Monday, September 8, 2014

INGEBORG BACHMANN ~











Anxieties



What then will remain?
I sigh, suffer, search,
and my wanderings
will never end.
The dark shadow
which I have followed from the start
leads me into the deep loneliness of winter.
There I stand still.
The frost coats my hair
and the cold burns through my limbs.
Melodies of dead silence play a dance,
endlessly turning round each other.
Blue spirits leap into the room —
the departed who wandered off before me
desiring, like lords, an ancient right.
Now they will be paid with blossoms
which many summers saw
and which break and fall this winter.
The trees exude the cold from within,
and tears, which the moonlight draws out,
hangs as thin cones coated in ice.
Over there, above the glacier,
the long departed pour out their blood,
and so I follow their example and do the same to them.
I listen close to the centuries,
though I don't want to be swallowed up by them.
Into the shadow which wants to stretch this far
I try to press a vestige of myself,
despite the idle fear of wasting my leaf.







Libraries



The shelves sag.
The volumes are weighted down with the past.
Their sweat is dust.
Their impulse is rigidity.
They no longer struggle.
They have saved themselves
upon the island of knowledge.
Sometimes they've lost their conscience.
Here and there, protruding
from them, human fingers
point directly towards life
or towards heaven.







[ I'm still afraid]



I'm still afraid to snare you with my breath,
drape you with blue banners of the dream,
or outside the misty door of my darkened castle,
burn torches, such that you'd find me . . .

I'm still afraid to free you from shimmering days,
from the golden river bed of time's own river of sun,
fearing my heart would burst silvery above the moon's
own terrible countenance.

Look up and don't look at me!
The banners are sinking, the torches have been extinguished,
the moon follows the course it traces.
It's time you came to seize me, holy madness!







I Know of No Better World



Who knows of a better world should step forward.
Alone, no longer out of bravery, not wiping away this saliva,
this saliva worn upon the cheek
as if to a coronation, as if redeemed, whether at communion
or among comrades.

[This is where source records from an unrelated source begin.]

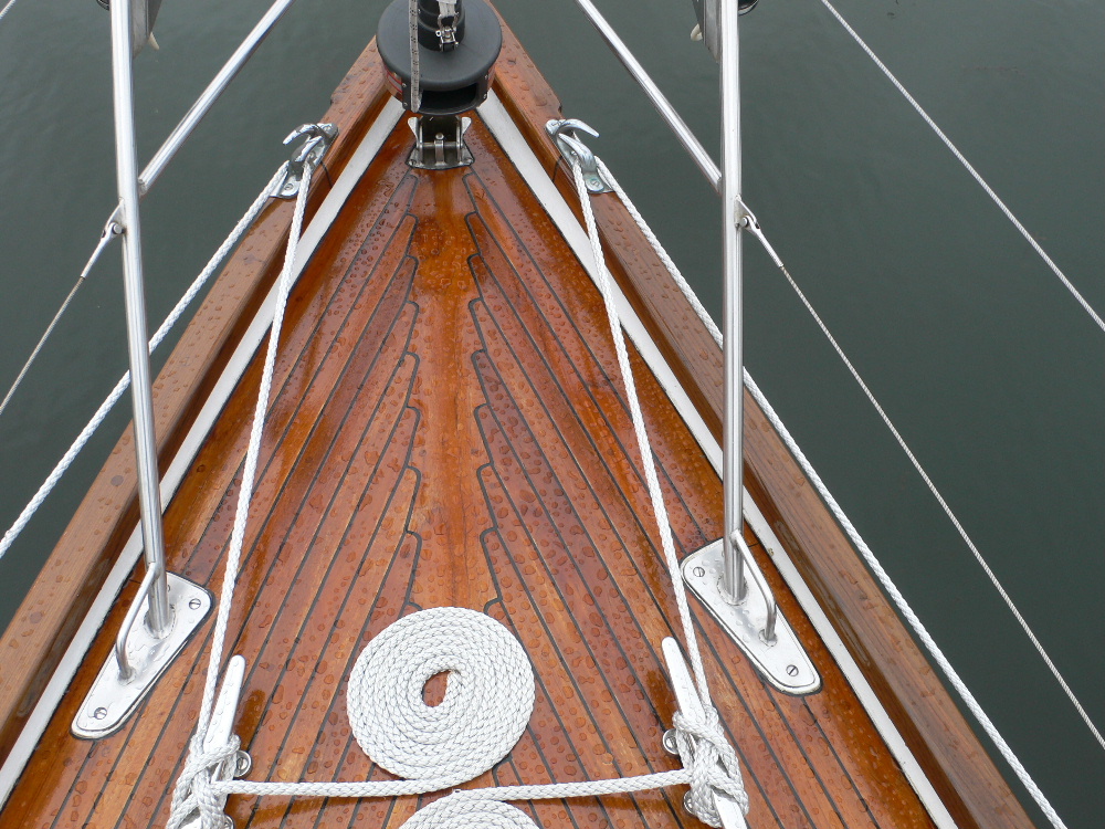 Celou plubu jsem kompletně položil včetně všech šroubků. Je jich tuším 2500. Pak jsem vše sundal, každou lištu označil a pak lepil. Šroubky zůstali v palubě a jsou zalepené. Nemám nikde na palubě dutinu pod teakem a žádnou vodu v sendviči.
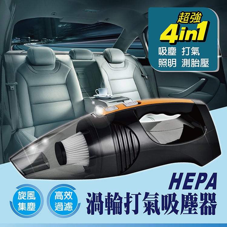 強力渦輪HEPA四合一吸塵打氣機(吸塵+打氣+測胎壓+LED照明)
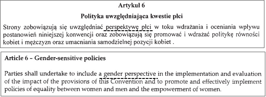 Jednak artykuł 6 mówi, że w toku wdrażania konwencji strony zobowiązują się uwzględniać perspektywę gender. Tu znowu mamy błędne tłumaczenie, które ukrywa ten istotny fakt. Polski test mówi, że strony zobowiązują się uwzględniać perspektywę płci (biologicznej). To oszustwo, bo mają uwzględniać perspektywę gender. Oto polska i angielska wersja artykułu 6. (podkreślenie GS):
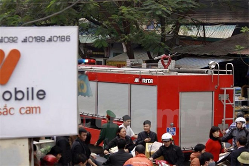 Xe cứu hỏa được điều động đến chữa cháy. (PV/Vietnam+)
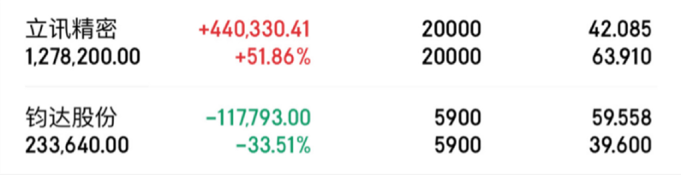 持有立讯精密刚好一年,均达股份从72到39,立讯精密从42到72,两个都是过山车
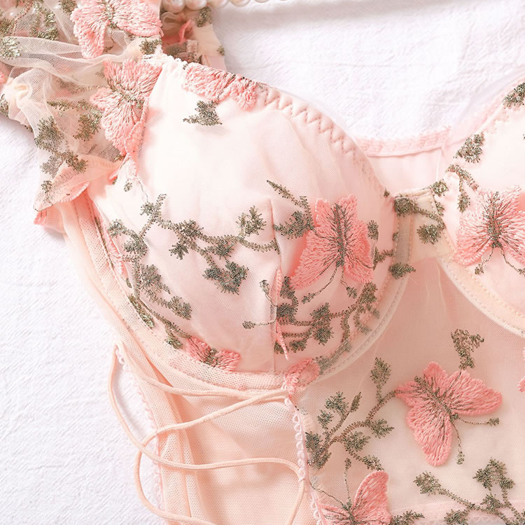 Surprise your lover with this enticing mesh bra set. The underwire cups are adorned with intricate embroidery, while the sheer lace and mesh underbust band adds a touch of elegance. This set includes a matching panty, perfect for an alluring and intimate evening.
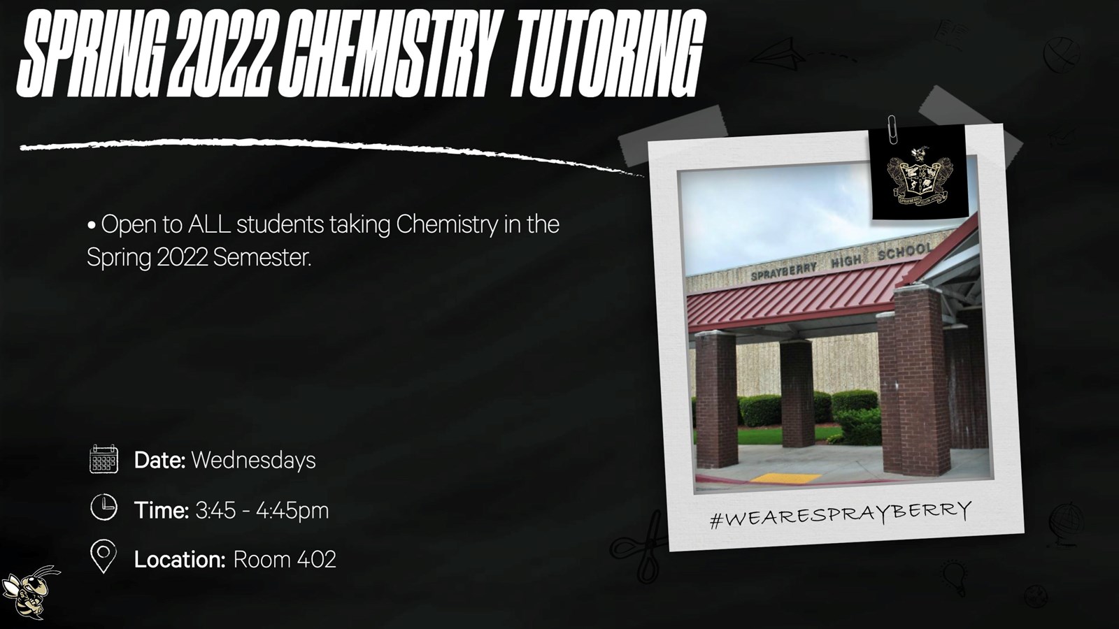 | Chemistry | Wednesday | Room 402 | 3:45pm |
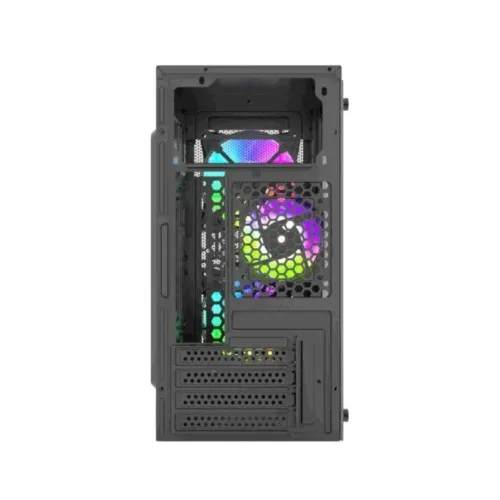 The T-Wolf NEOPULSE X3 RGB Mid Tower mATX Gaming Casing combines performance, durability, and eye-catching design for modern gamers and PC enthusiasts. The T-Wolf NEOPULSE X3 RGB Mid Tower mATX Gaming Casing is made of high-quality 0.4mm SPCC steel, ensuring long-term dependability while remaining lightweight enough for small configurations. Its mesh front panel design allows for better airflow, keeping your components cool even during extended gaming sessions. This T-Wolf Gaming Casing, designed to support Micro-ATX motherboards, has a well-balanced structure that is both functional and visually appealing. Inside, the T-Wolf NEOPULSE X3 RGB mATX Gaming Casing supports VGA cards up to 270mm in length and CPU coolers up to 150mm in height, providing versatile hardware compatibility. It also has separate drive bays for one HDD and one SSD, providing ample storage space for games, media, and data. The T-Wolf case features four PCI slots for easy expansion and upgrades, allowing gamers to easily customize their configurations. The well-designed cooling system offers various fan configurations. Two 120mm fans in the front, one 120mm on the side, and one 80mm or 90mm fan in the back provide excellent airflow throughout the chassis for steady thermal performance. The T-Wolf NEOPULSE X3 RGB Casing provides practical and convenient connectivity, including dual USB 1.0 ports, an audio port, and a microphone port for seamless device integration. The RGB lighting accents on the front add to its modern style, giving an engaging visual experience for gaming setups.
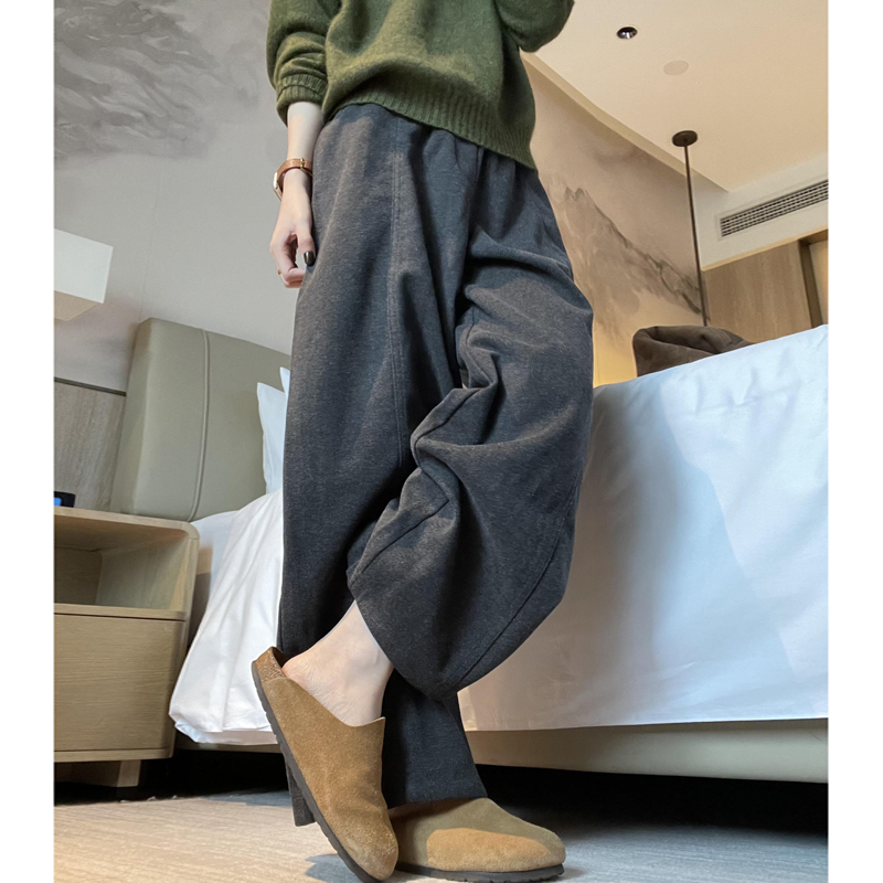 DM100大码百分百女装微胖mm冬季百搭舒适仿羊绒宽松阔腿休闲裤
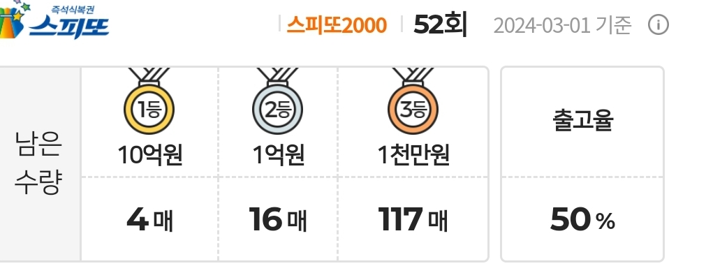 스피또2000 즉석복권 52회 남은수량 1등 4매(총 6매 중), 2등 16매(총 18매 중), 3등 117매(총 150매 중)가 남아있습니다. 출고율(판매점 입고율)은 50%입니다.
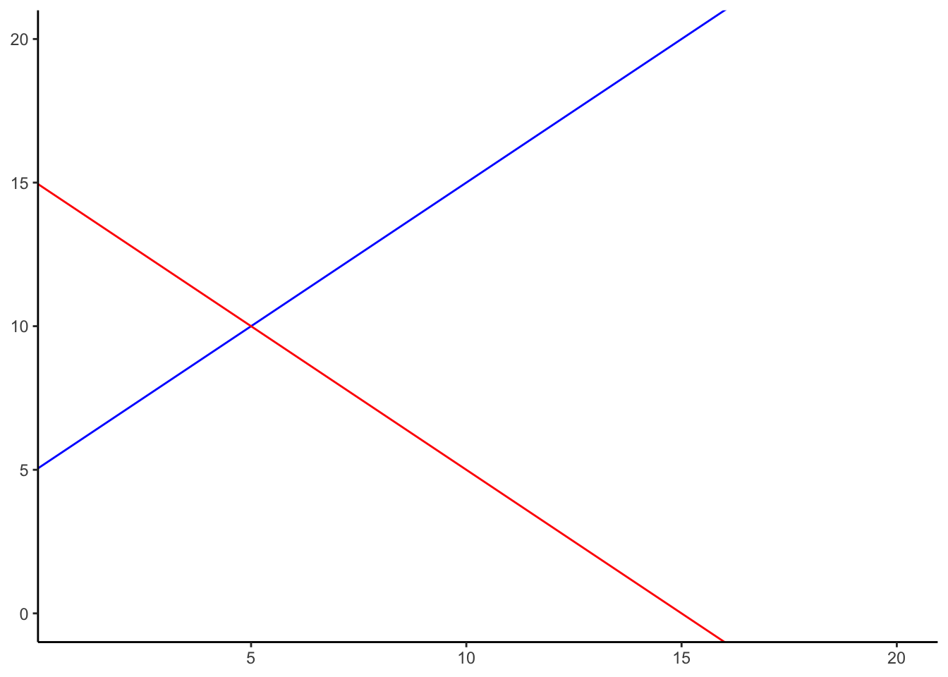 The formula for the blue line is \(y = 1*x + 5\text{.}\) Let’s talk about that. When x = 0, where is the blue line on the y-axis? It’s at five. That happens because 1 times 0 is 0, and then we just have the five left over. How about when x = 5? In that case y =10. You just need the plug in the numbers to the formula, like this:
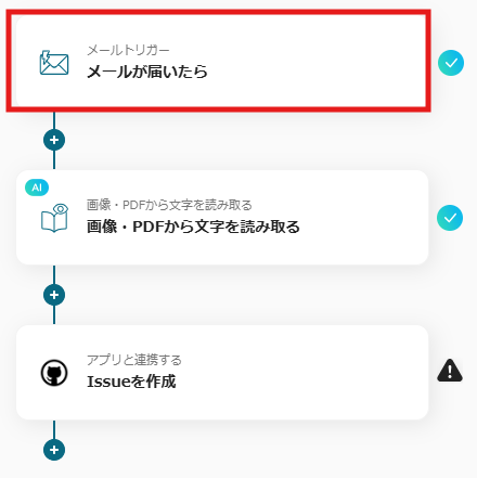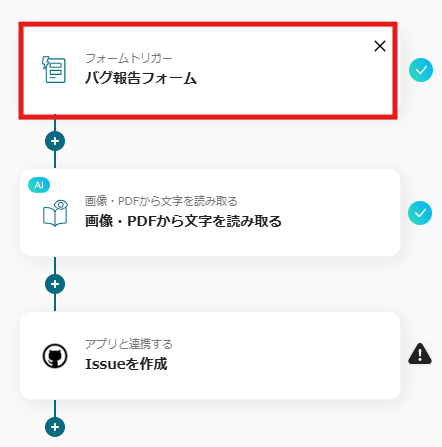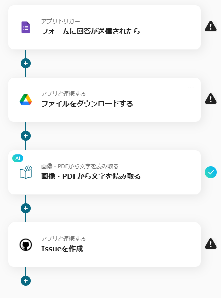※こちらの画面は、Yoomページ画面左側「マイプロジェクト」のフローボットで表示される、「【コピー】Googleフォームの添付ファイルをOCRして、GitHubでIssueを作成する」をクリックすると表示されます。
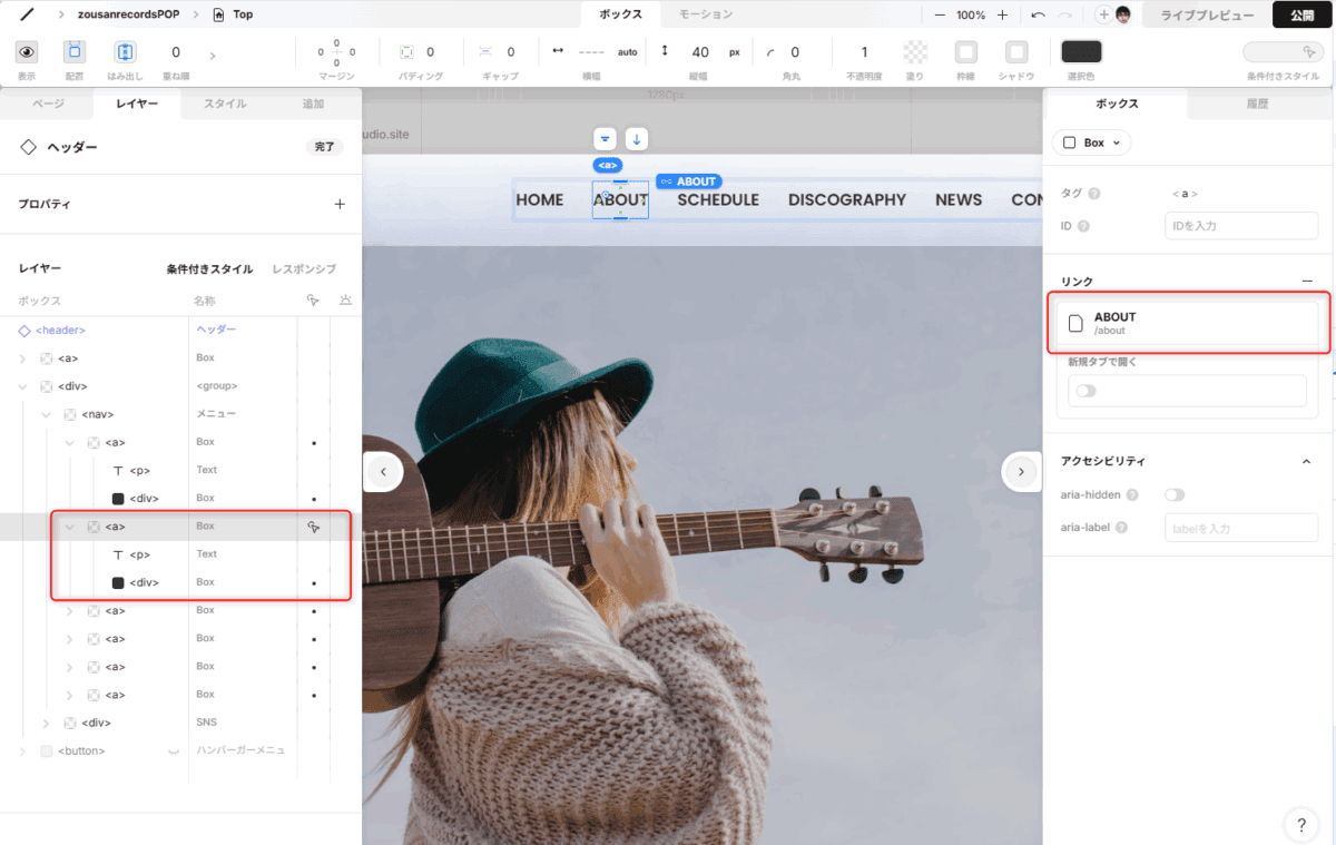 リンクの変更は<a>を選択した状態で右側メニューの「リンク」にて変更いただけます。

The weak rabbit,
the rat, and those fallen there, all of them,
no longer alone, but as one, though still afraid,
the dream of returning home
in the dream of armament, in the dream
of returning home.







The Radical Means



Wasteland, but only to the eye

that serves life,

feather-light rubble.




__________________


Darkness Spoken, with a foreword by Charles Simic, gathers together Ingeborg Bachmann’s two celebrated books of poetry Borrowed Time and Invocation of the Great Bear, as well as early and late poems not collected in book form, over 100 of them appearing in English for the first time, as well as 25 poems never before published in German. Bachmann is considered one of the most important poets to emerge in postwar German letters, and this volume represents the largest collection available in English translation. Influencing numerous writers from Thomas Bernhard to Christa Wolf to Elfriede Jelinek (winner of the 2004 Nobel Prize in Literature), Bachmann’s poetic investigation into the nature and limits of language in the face of historical violence remains unmatched in its ability to combine philosophical insight with haunting lyricism.

Bachmann was born, the eldest of three children, in 1926 in Klagenfurt, Austria. She studied philosophy at the universities of Innsbruck, Graz, and Vienna. In 1953 she received the poetry prize from Gruppe 47 for her first volume, Borrowed Time (Die gestundete Zeit). Her second collection, Invocation of the Great Bear (Anrufung des großen Bären), appeared in 1956. Her various awards include the Georg Büchner Prize, the Berlin Critics Prize, the Bremen Award, and the Austrian State Prize for Literature. Writing and publishing essays, opera libretti, short stories, and novels as well, she divided her time between Munich, Zurich, Berlin, and Rome, where she died in 1973 from a fire in her apartment caused by her falling asleep in bed while smoking a cigarette  — she awoke to find herself surrounded in flames. Horribly burned at age forty seven the poet was gone to us three weeks later.


The translator, Peter Filkins has published two volumes of poetry, What She Knew (1998) and After Homer (2002), and has translated Bachmann’s The Book of Franza and Requiem for Fanny Goldmann. He is the recipient of an Outstanding Translation Award from the American Literary Translators Association and the Berlin Prize from the American Academy in Berlin. He teaches at Simon’s Rock College of Bard in Great Barrington, Massachusetts.